On Mon, 14 Oct 2024 15:04:54 GMT, Jasmine Karthikeyan <jkarthikeyan at openjdk.org> wrote:

> For the record I think in this PR we could simply match the IR patterns in the ad file, since (from my understanding) the patterns we are matching could be supported there. We should do platform-specific lowering in a separate patch because it is pretty nuanced, and we could potentially move it to the new system afterwards.

Hi @jaskarth , Bigger pattern matching is sensitive to [IR level node sharing](https://github.com/openjdk/jdk/blob/master/src/hotspot/share/opto/matcher.cpp#L1724), thus it may not full proof for above 4 patterns. Current patch takes care of this limitation. 

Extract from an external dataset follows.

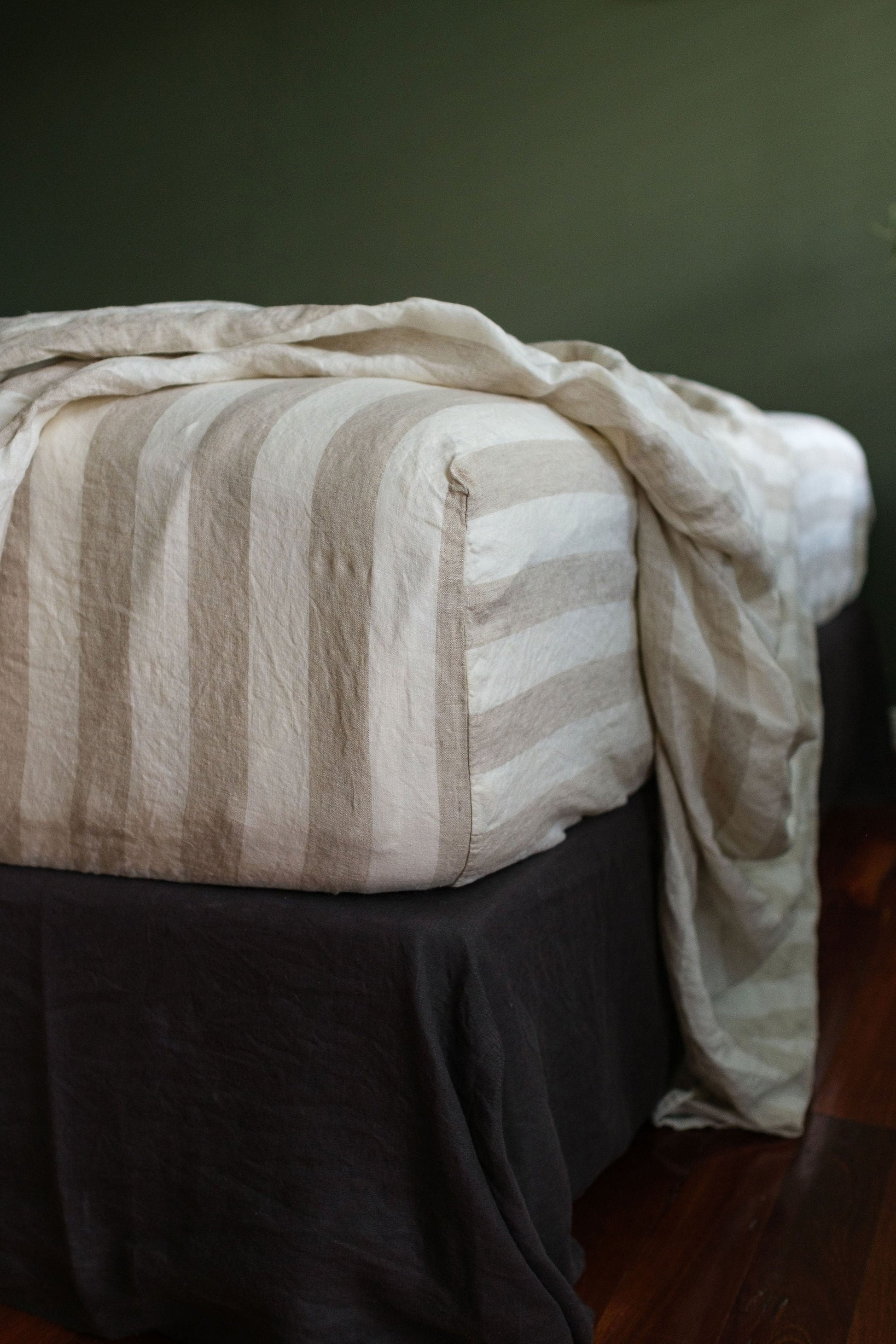 DRAP-HOUSSE EN LIN EUROPÉEN - LARGES RAYURES NATURELLES

> @jatin-bhateja That is machine-independent lowering, we are talking about machine-dependent lowering to which `MacroLogicV` transformation belongs. You can have `phaselowering_x86` and not have to add another method to `Matcher` as well as add default implementations to various architecture files. You can reuse `MulVL` node for that but I believe these transformations should be done as late as possible.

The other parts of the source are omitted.